OSMANLI VE CUMHURİYET DÖNEMİ’NDE MADER-İ MEVLÂNA KÜLLİYESİ’NİN BAKIM VE ONARIM FAALİYETLERİ – Hüseyin MUŞMAL, İrem GÜRBÜZ

A+
A-

OSMANLI VE CUMHURİYET DÖNEMİ’NDE MADER-İ MEVLÂNA KÜLLİYESİ’NİN BAKIM VE ONARIM FAALİYETLERİ

Hüseyin MUŞMAL, İrem GÜRBÜZ

Öz

Mader-i Mevlâna Külliyesi, Mevlâna Celâleddin Rumî’nin annesi Mümine Hatun’un Karaman’da bulunan kabrinin çevresine çeşitli vakıf binalarının inşa edilmesiyle kurulmuştur. Mümine Hatun’un türbesinin külliyenin en eski ve ana yapısı olmasından dolayı buraya bu isim verilmiş olup Valide Sultan’ın mezarının yanı sıra burada, Hz. Mevlâna’nın ağabeyi Muhammed Alâeddin’in kabri ile Mevlevî şeyhlerinin ve çelebilerin mezarları da bulunmaktadır. Külliye, Mader-i Mevlâna’nın vefatından çok sonra Hz. Mevlâna’nın torunu Ulu Arif Çelebi’nin müridi Kalemioğlu Ahi Mehmed Bey tarafından inşa edilmiş; Karamanoğlu Mirza Halil Bey ve onun oğlu Alâeddin Bey dönemlerinde ise onarım ve ilavelerle genişletilip değiştirilmiştir.

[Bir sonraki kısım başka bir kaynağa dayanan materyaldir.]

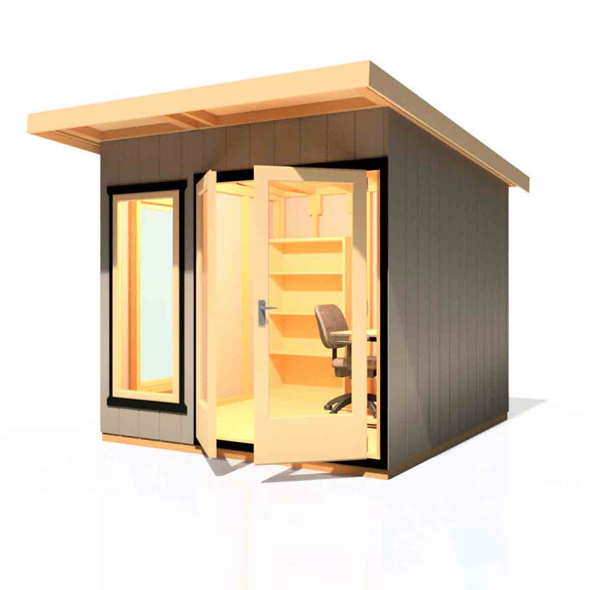 The door has a three-lever lock and in the summer you can work with the double door thrown wide open to enjoy the birdsong. All windows are opening. The construction itself is as impressive as it looks. The external cladding is an engineered wood board resistant to moisture, each wood strand is individually treated with advanced binders and wax. Each panel is treated throughout with our proprietary zinc borate-based process to help resist fungal decay and insect damage.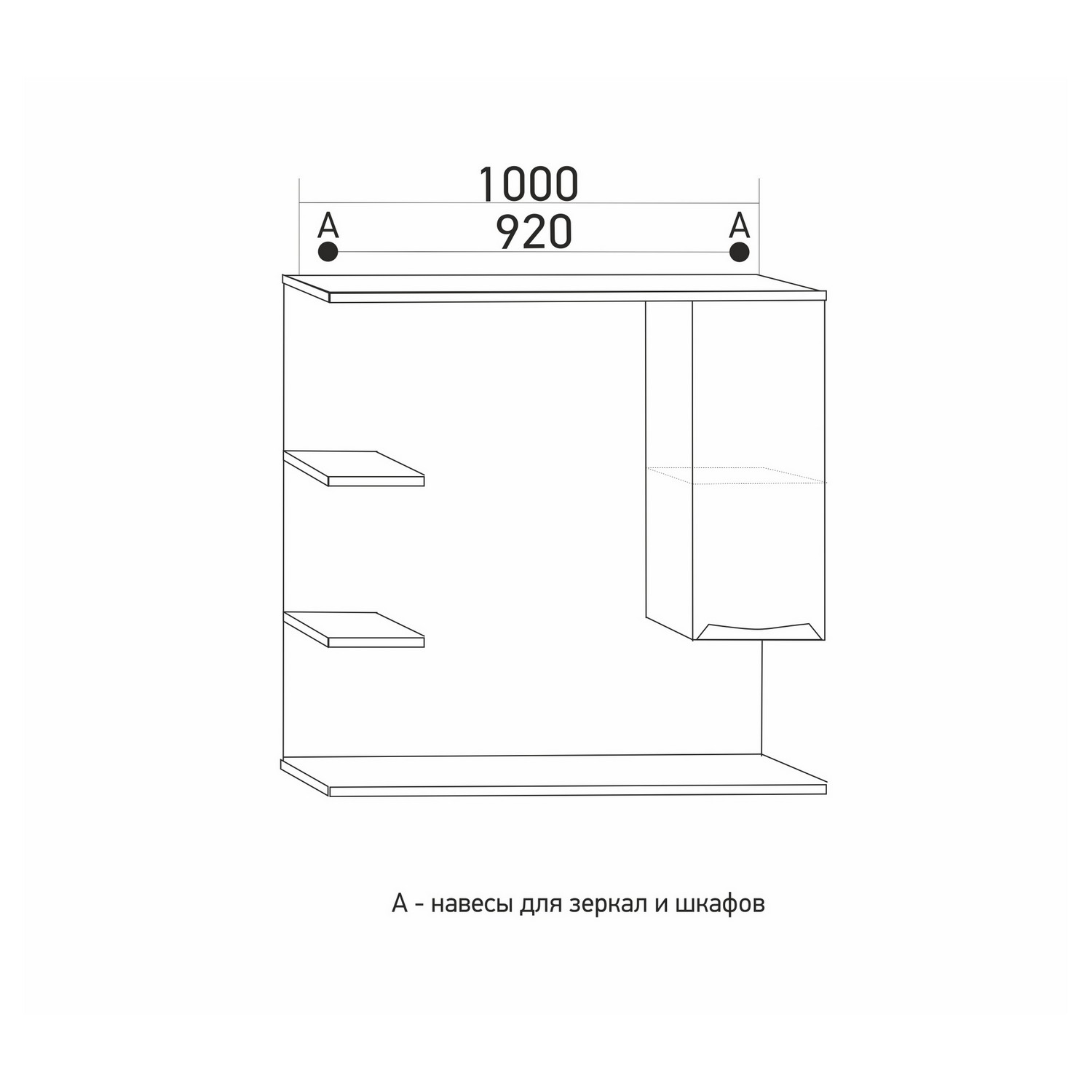 Шкаф навесной ЭТЬЕН-100 правый с подсветкой (ПВХ) Код I0000353162

Aktekke (Ağa Tekke) Cami, Kalemiye Zaviyesi, Karaman Mevlevîhanesi, Mader-i Mevlâna Türbesi, Mümine Hatun Türbesi ve Valide Sultan Cami gibi çeşitli isimlerle de anılan bu Karamanoğlu yapısında, elimizdeki arşiv belgelerine göre XVIII.-XIX. yüzyıllara ait toplamda 10 adet; XX.-XXI. yüzyıllara ait olarak ise 7 adet tadilat ve tamirat girişimi bulunmaktadır. Dolayısıyla Osmanlı Devleti’nin ve Türkiye Cumhuriyeti’nin Mader-i Mevlâna Külliyesi’ne ait yapıları koruma ve hayatiyetini sürdürme çabasından yola çıkılarak çalışmamızda; külliyenin tamir ve tadilat süreci, onarım ve bakım masrafları, burada kimlerin çalıştığı gibi hususlar üzerinden bazı değerlendirmeler yapılmıştır. Ayrıca külliyenin 700 yılı aşkın bir süre boyunca geçirdiği değişim ve dönüşümü, devletin bu eski eseri korumak için gösterdiği ihtimamı çözümleyebilmek amacıyla külliyenin Mevleviliğe ait olması veya Hz. Mevlâna’nın annesinin merkatının burada bulunmasının bu süreçte etkili olup olmadığı sorgulanmıştır.